K-means Clustering on MRQL
The following instructions assume that you have already installed Hadoop in your cluster and you have tested it using some examples. The following tests use the k-means clustering query kmeans.mrql.
Run K-means Clustering on a Hadoop MapReduce Cluster
First, you need to generate random ponts and store them in a HDFS file using the MRQL program points.mrql:
mrql -dist points.mrql 1000000
This will create 1M points and will store them in HDFS as the sequence file points.bin
. You can adjust this number to fit your cluster. Then, run the k-means clustering in MapReduce mode using:
mrql -dist -nodes 10 kmeans.mrql
where -nodes
specifies the max number of MapReduce reducers.
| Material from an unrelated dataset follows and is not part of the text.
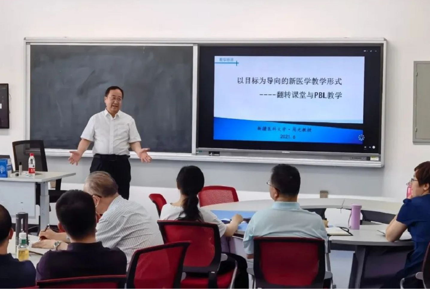 2021年6月9日下午,学院“2021年教学骨干师资培训班”在新疆医科大学雪莲山校区多屏互动教室顺利开班,新疆医科大学“以本为本、四个回归”校级教学名师、中医外科教研室主任周光教授为教师们上了开班第一课——《以目标为导向的新医学教学形式——翻转课堂与PBL教学设计与实现》教学专项培训,我院教研室主任、秘书、骨干教师、教学管理人员共30余人参加了此次培训。

Run K-means Clustering on a Hama Cluster
To run the same query using Hama, you need to know the number of simultaneous BSP tasks that can run in parallel on your Hama cluster without a problem. For example, if you have 16 nodes with 4 cores each, you need to set -nodes
less than 64, eg 50. First, you need to generate random points and store them in a HDFS file (if you haven't done so for the MapReduce example):
mrql.bsp -dist -nodes 50 points.mrql 1000000
This will create 1M points and will store them in HDFS as the sequence file points.bin
. You can adjust this number to fit your cluster. Then, run the k-means clustering in BSP mode using:
mrql.bsp -dist -nodes 50 kmeans.mrql
Run K-means Clustering on a Spark Standalone Cluster
To run the same query using Spark, change the SPARK_MASTER and FS_DEFAULT_NAME in conf/mrql-conf.sh
to point to your Spark cluster URLs. Then, you need to generate random points and store them in a HDFS file (if you haven't done so for the other examples):
mrql.spark -dist -nodes 50 points.mrql 1000000
This will create 1M points and will store them in HDFS as the sequence file points.bin
. You can adjust this number to fit your cluster. Then, run the k-means clustering in BSP mode using:
mrql.spark -dist -nodes 50 kmeans.mrql